Далек тот первый день войны, но ленинградцы никогда его не забудут. Я помню, как это было.
С Невы набегал такой же легкий ветерок, облака в небе были самые мирные, было воскресенье, гудели трамваи, набитые людьми, спешившими за город, на дачу, в пригородные парки, на гулянья, на прогулки.
И вдруг заговорило радио. Сейчас же около репродукторов собрались толпы. Выскакивали из трамвая, останавливали машины и вылезали послушать. По мере того, как говорил товарищ Молотов, стихал говор толпы, менялось выражение лиц. Я запомнил двух. Они вероятно, хотели идти кататься на лодке, купаться, они еще шутили за минуту до этого; теперь, выслушав речь, и девушка и молодой человек резко повернули от Невы – они шли домой. Она говорила: «Что ты возьмешь с собой? Надо тебе сейчас же приготовить белье, сапоги, гимнастерку».
Вячеслав Михайлович Молотов кончил говорить. На улицах стояло суровое молчание. Люди не расходились от репродукторов, стояли и ждали. Им казалось, что сейчас еще что-то будет сказано. Но уже наступило сознание неотвратимости происшедшего, уже надо было думать, жить, работать по-другому, не по-мирному.
К вечеру завыли сирены тревоги и в городе стало известно о том, что на границе идет бой.
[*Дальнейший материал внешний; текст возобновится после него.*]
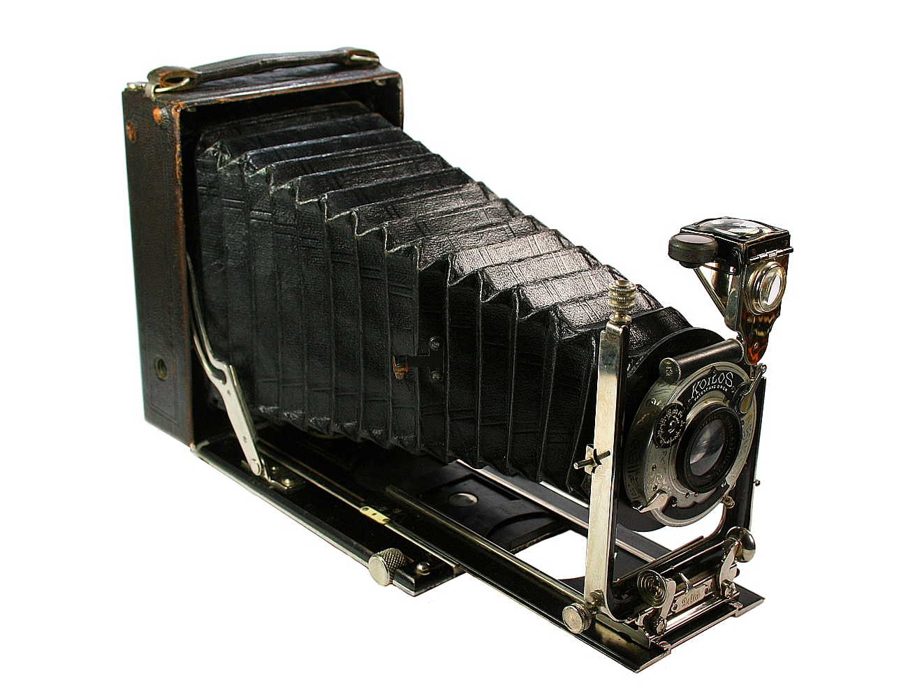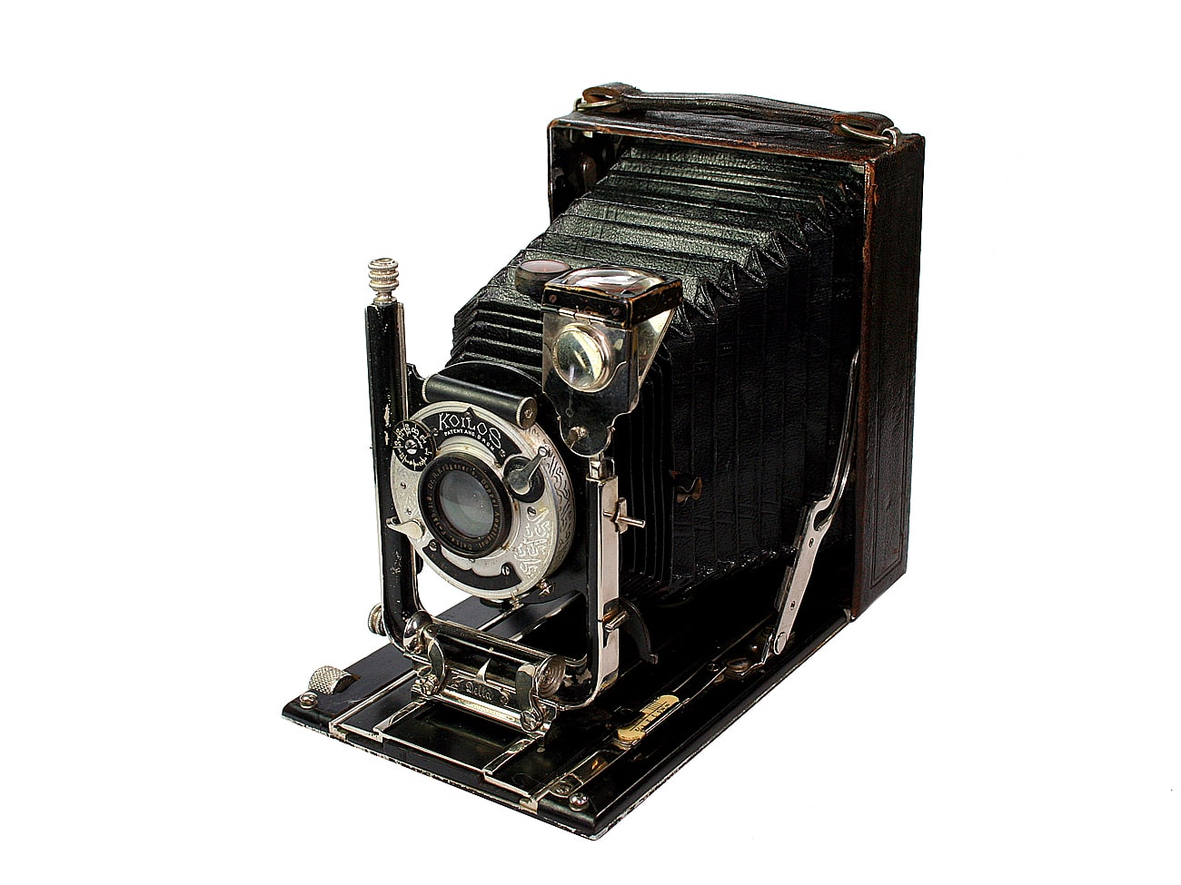 Klapp-/Laufbodenkamera für Platten oder Filmpacks (Aufnahmeformat 9 x 12 cm), hergestellt von Ica um 1910. Objektiv: Dr. R. Krügener’s Doppel-Anastigmat Delta 1:8,0/13,5 cm; manuelle Fokussierung mittels Laufboden. Schwenkbarer Brillantsucher mit Libelle. Mechanischer Zentralverschluss Koilos mit Luftbremse, hergestellt von Gauthier ab 1904 (T, B, 1 bis 1/300 Sekunde); manuelle Belichtungssteuerung. Doppelter Auszug; Standarte horizontal und vertikal verstellbar.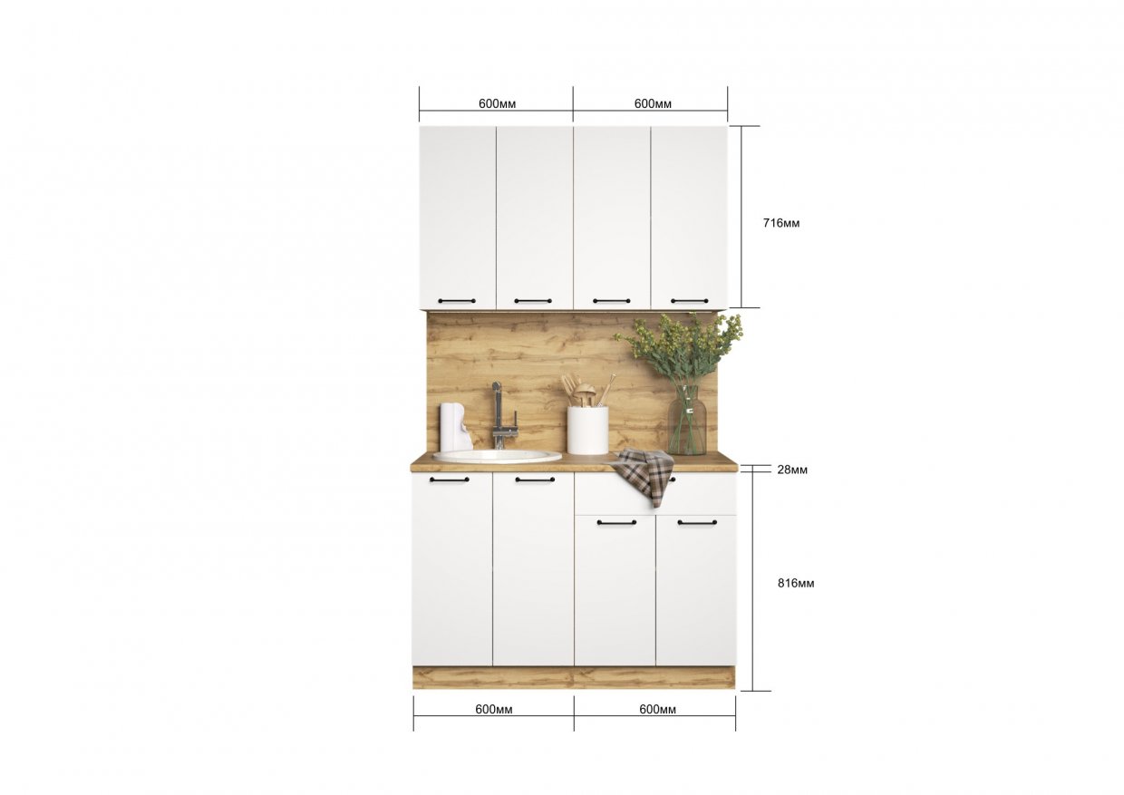 Артикул: A64491КУхонный гарнитур Валерия 1400 мм вотан/белый (Сурская)

С финской границы, ставшей снова фронтом, привезли первых раненых. Первые бомбы налетчиков упали в залив. Врага не допустили к городу.
В эти часы залп зенитной батареи Пимченкова сбил у города первый немецкий бомбардировщик «Юнкерс-88», экипаж которого, взятый в плен, состоял из сплошь увешанных железными крестами отборных гитлеровских молодчиков, дотоле безнаказанно бомбивших столицы Европы. Этот залп прогремел как первый удар возмездия. Наступила первая боевая ночь. Первая боевая вахта. Потом они стали обыкновенными. Но в эту белую ночь 23 июня, бессонную, тихую, полную угроз, впервые ленинградцы встали на боевом посту. Стало ясно, что Ленинград должен превратиться в крепость, и он стал крепостью.
Когда враг приблизился к городу, он даже не мог представить себе всю силу той ненависти, какой кипели ленинградские люди, всей мощи сопротивления, всей гордости ленинградцев за свой город, всей их решимости бороться до конца, бороться, если это будет надо, не только на подступах к городу, но на его улицах, сражаться за каждый дом, за каждый перекресток…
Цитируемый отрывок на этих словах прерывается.